Из-за сине-рыжих перекатов холмов пошел малиновый свет, густой и живодышащий, словно чье-то тело, словно свободный поток крови, словно дыхание львенка, играющего в пустыне.
Агриппина сидела, растворенно вбирая в себя зрелище, потом почувствовала, как слезы подступили к горлу, и усмехнулась над собой. Усмехнулась, чтобы не сглазить: очень она боялась в себе таких умильно-растворенных состояний, обязательно после случалась какая-то гадость. Хотя, собственно, какая гадость могла с ней произойти?.. С Жоркой они расставались – тянули еще бодягу, но расставались, и у Агриппины не болело это. Завтрашний спектакль ее партнеры не в силах испортить. Она чувствовала в себе колыхание божественной жидкости, предназначенной освятить, оплодотворить завтрашнее ее существование на сцене, и никто тут не мог, не в силах был помешать ей.
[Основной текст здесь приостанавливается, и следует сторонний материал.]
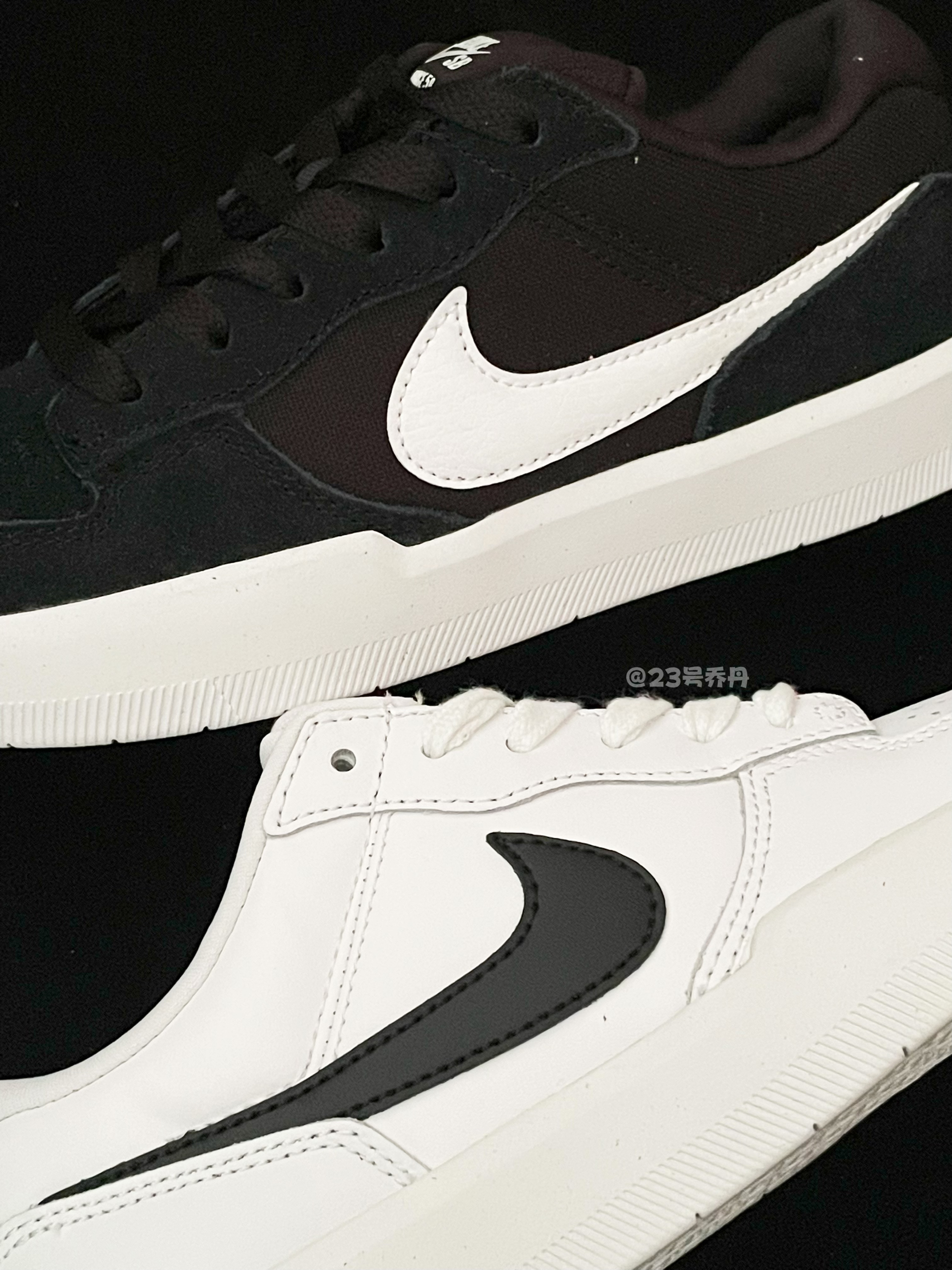 今天给大家分享两双经典配色的球鞋 Nike SB Force 58 白黑&黑白 🌟白黑鞋款以白色为主色调 辅以黑色点缀鞋身细节 鞋面运用了光滑皮革材料 易于打理 白色的中底和同色蜂窝状橡胶底收尾 🌟黑白鞋款则以黑色为鞋面主色 鞋身细节处由白色点缀 鞋面运用了翻毛皮+织物的拼接设计 打理起来会麻烦一些 不过质感不错 同样采用了白色的中底和同色蜂...

Она доехала на автобусе до окраины города и сошла, чтобы берегом моря дойти до гостиницы. Спешить ей было незачем. Она брела по кромке прилива, маленькая, легкая, не уставшая, светлые короткие волосы выворачивал, открывая темные корни, бриз; шла и улыбалась. И было хорошо ей. Море колыхалось рядом.
Она дошла до палаточного городка, где жили автодикари, и увидела вдруг толпу и белую фуражку милиционера в центре толпы. Любопытство повлекло ее туда. Навстречу ей к морю спускалась толстая загорелая женщина в полосках купальника и мужчина в плавках.
– Ничего не бойся, – говорила женщина. – И будем жить, и никто не тронет…
Агриппина протиснулась к центру толпы, ожидая увидеть труп, желая и не желая этого: она копила свои реакции на все. Но трупа не было, стоял милиционер в серой тонкой рубахе и белой фуражке, стоял, развернувшись спиной к мотоциклу, чуть запрокинув голову и приблизив к шее подбородок, руки его были раскинуты назад и оперты о руль и седло мотоцикла – еще не слыша слов, но читая его позу и движение головы, Агриппина поняла, что тут никакое не убийство, не преступление, а нечто для милиционера (а значит, и для нее) несущественное. Может быть, страшное, существующее уже, но не пугающее его лично, а значит, и ее.
– Я говорю вам, что и этот перевал скоро закроют, – повторил милиционер, переклонив голову к спросившему. – У меня сведения, что на двадцать четыре часа открыт, можете уезжать. Уезжайте! А что будет через сутки, я сказать не могу. – И стал перечислять близлежащие курортные города, к которым проезд был уже закрыт.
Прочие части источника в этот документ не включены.